Fiscal 2014 First Quarter Financial Summary
Net sales for the 13 weeks ended Aug. 25, 2013, grew 8 percent to $4.37 billion. Pound volume grew 8 percent, primarily reflecting acquisitions. Price realization and mix contributed 1 point of net sales growth, and foreign exchange subtracted 1 point of growth. Gross margin was below year ago levels, reflecting changes in mark-to-market valuation of certain commodity positions, input cost inflation and the change in business mix. Advertising and media expense was 7 percent higher than year-ago levels. Total segment operating profit grew 6 percent to $812 million (please see Note 8 below for reconciliation of this non-GAAP measure). First-quarter net earnings attributable to General Mills totaled $459 million and diluted earnings per share totaled 70 cents. These results were below year-ago levels that included a net benefit of 16 cents per share from several discrete items. Adjusted diluted EPS, which excludes certain items affecting comparability, totaled 70 cents in the first quarter of fiscal 2014, up 6 percent compared to 66 cents a year ago (please see Note 8).

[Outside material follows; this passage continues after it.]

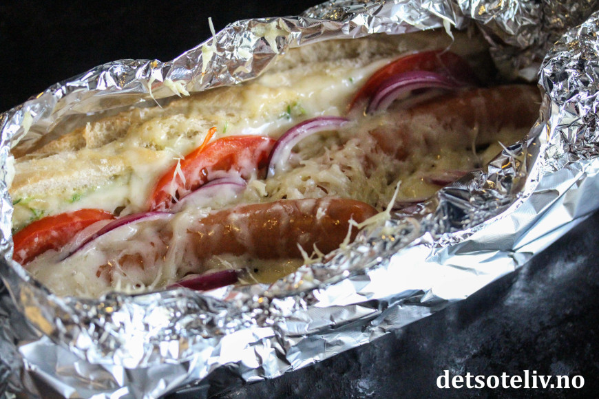 Men det som ble satt på bordet var nok langt mer fancy enn som så! For inn kom en halv baguette fylt med to saftige pølser, tomat, løk og en nydelig ost- og sennepskrem, og så var det hele gratinert med en smakfull ost på toppen.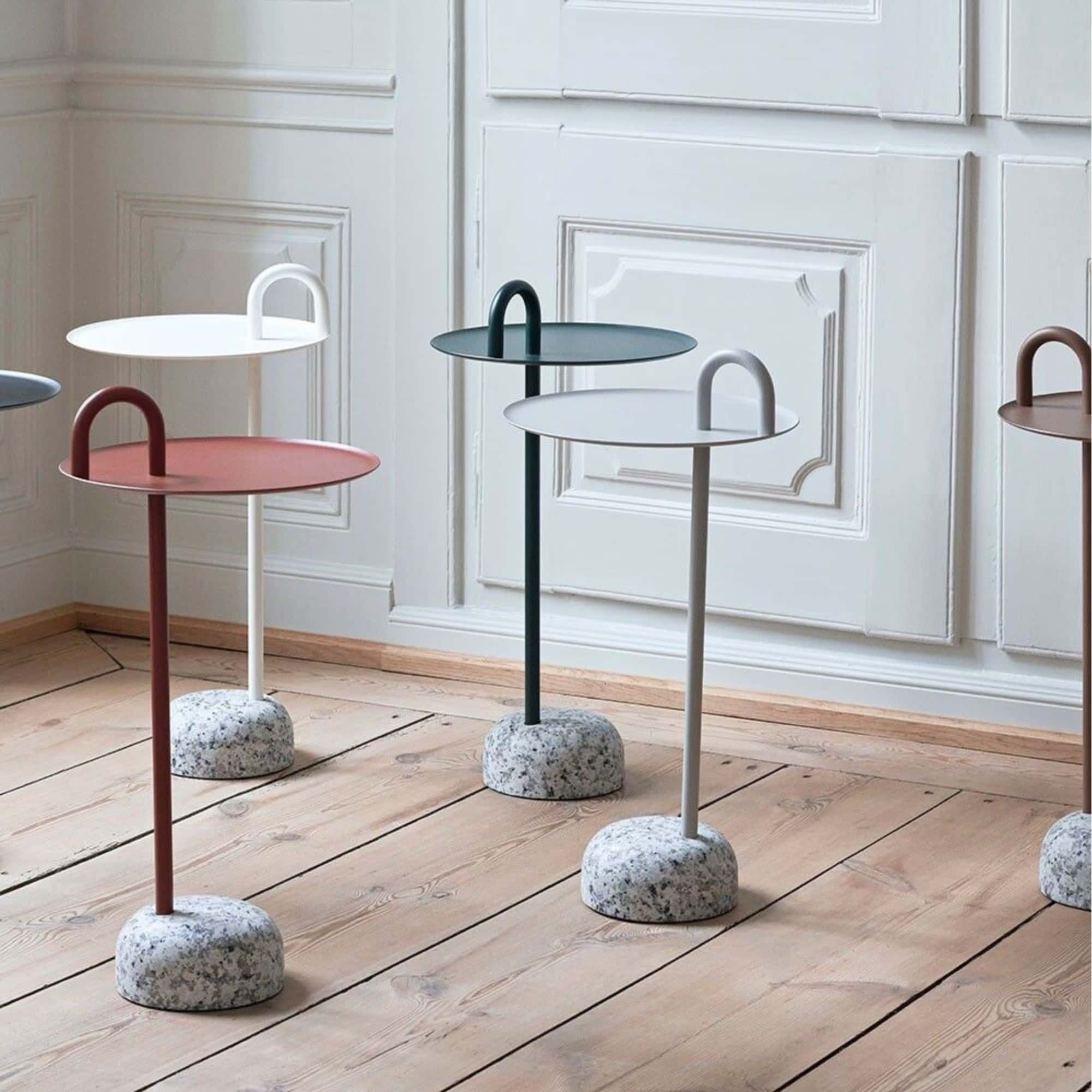 Shane Schneck’s Bowler Table is a compact side table that is ideal for small spaces. The single tube that extends upwards creates a defined profile, which doubles as a functional handle too. The stem, handle and tray are made in powder coated steel, with a solid granite base that provides stability, yet it is still lightweight enough to move around. Bowler comes flat packed and is easy to assemble, making it suitable for all kinds of domestic and corporate environments.

Chairman and Chief Executive Officer Ken Powell said this performance represented a solid start to the new fiscal year. "In particular, our net sales growth in the quarter reflects a healthy mix of gains from established brands, strong introductory shipments for new products, and contributions from new businesses added to our portfolio. These first-quarter results have us on track to achieve the key financial targets we've set for fiscal 2014."
New products contributing to net sales growth in the quarter included Yoplait Greek yogurt, Nature Valley Soft-baked Oatmeal Squares, Honey Nut Cheerios Medley Crunch cereal, Pillsbury gluten-free refrigerated dough products, new Helper dinner mix varieties and, in Brazil, new Yoki Kit Facil dinner mixes. Established brands including Lucky Charms and Cinnamon Toast Crunch cereals, Progresso Light ready-to-serve soups, Yoplait Greek 100 calorie yogurt, Totino's frozen pizza and snacks, Larabar fruit and nut energy bars and, in China, Wanchai Ferry frozen dumplings and dim sum varieties, also contributed to net sales growth.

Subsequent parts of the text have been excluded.